Actionnaire, joueur, poète. Il ne signe pas un contrat. Il signe une histoire.
Un symbole : Ravenna au cœur du monde

Ravenna est fondée en 1931. Elle est connue pour ses mosaïques byzantines plus que pour ses buts, pour le vrombissement d’Imola plus que pour le chant des stades. Un petit stade de 12 000 âmes, une troisième place l’an dernier en Serie C.
Et puis, le 20 août, le monde a regardé Ravenna. Des centaines de supporters à l’aéroport, des téléphones levés comme des bougies, des enfants sur les épaules de leurs pères pour apercevoir le magicien.

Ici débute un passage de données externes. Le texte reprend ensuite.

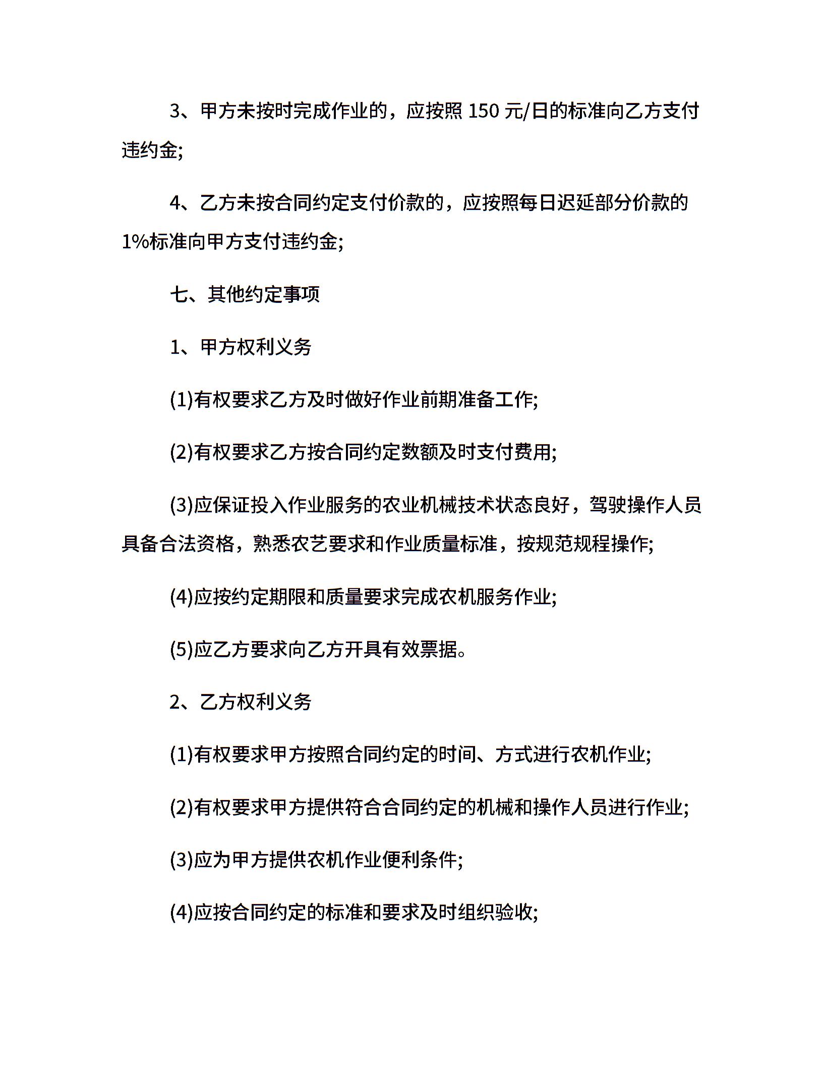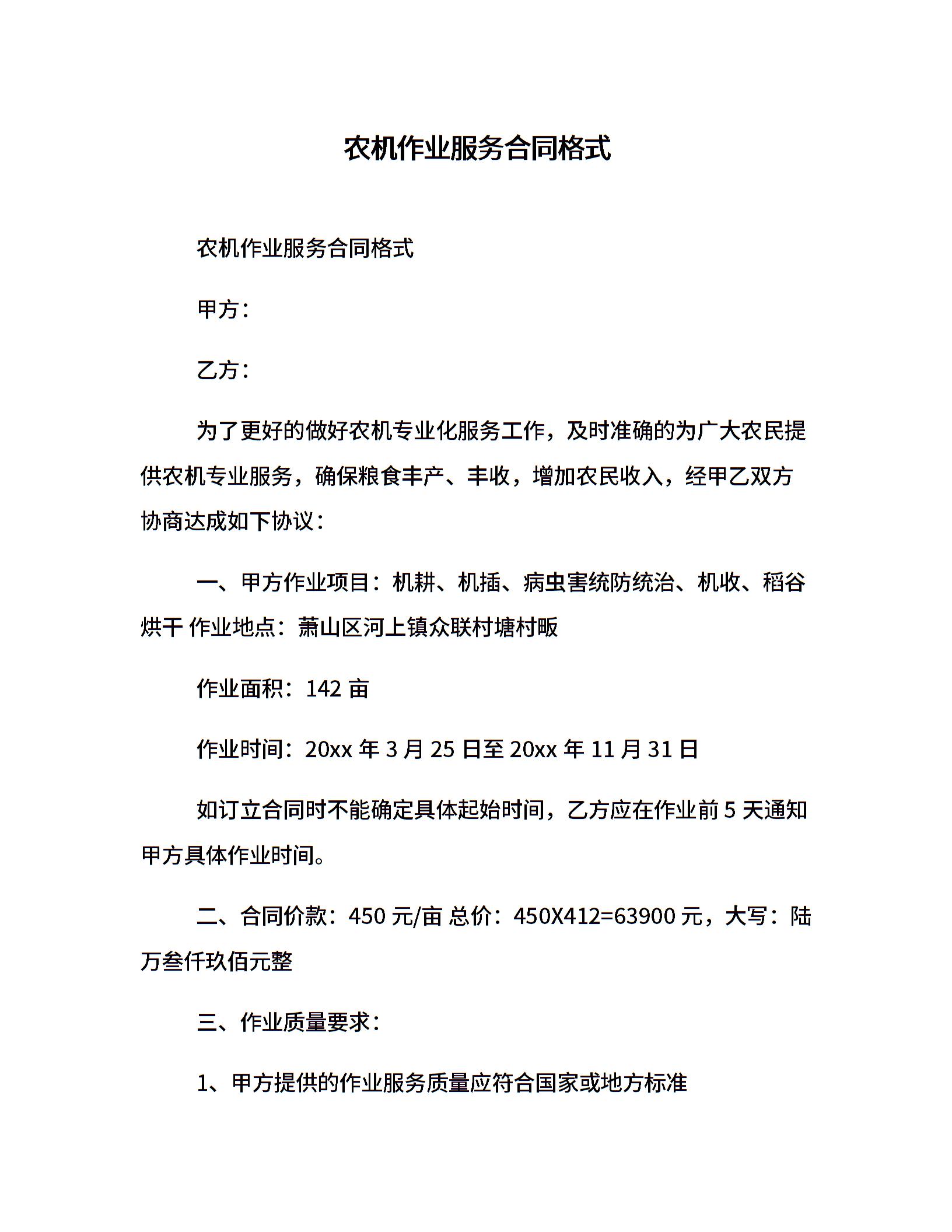 农机作业服务合同格式

Au-delà du vacarme médiatique, Ronaldinho est venu déposer une leçon de tendresse :
« J’espère que l’impact sera le plus positif possible. Que d’autres seront également motivés à continuer et à avoir l’opportunité de réaliser leurs rêves, tout comme j’ai réalisé les miens », a dit l’ancienne gloire du FC Barcelone.
Et puis cette phrase, qui est déjà une chanson :
« Nouvelles couleurs, même sourire. J’ai hâte de danser à nouveau avec le ballon et d’écrire une nouvelle histoire aux côtés d’Ignazio et de toute la famille Cipriani. Le football a toujours été une source de joie pour moi, et je veux apporter ce même esprit à Ravenna », déclarait la légende du football mondial.
À 46 ans, le champion du monde 2002, le double Joueur Mondial de la FIFA, le Ballon d’Or, ne revient pas chercher l’or. Il revient offrir de la joie. Sa présentation du 20 août 2026 n’était pas une conférence de presse. C’était une déclaration d’amour au football.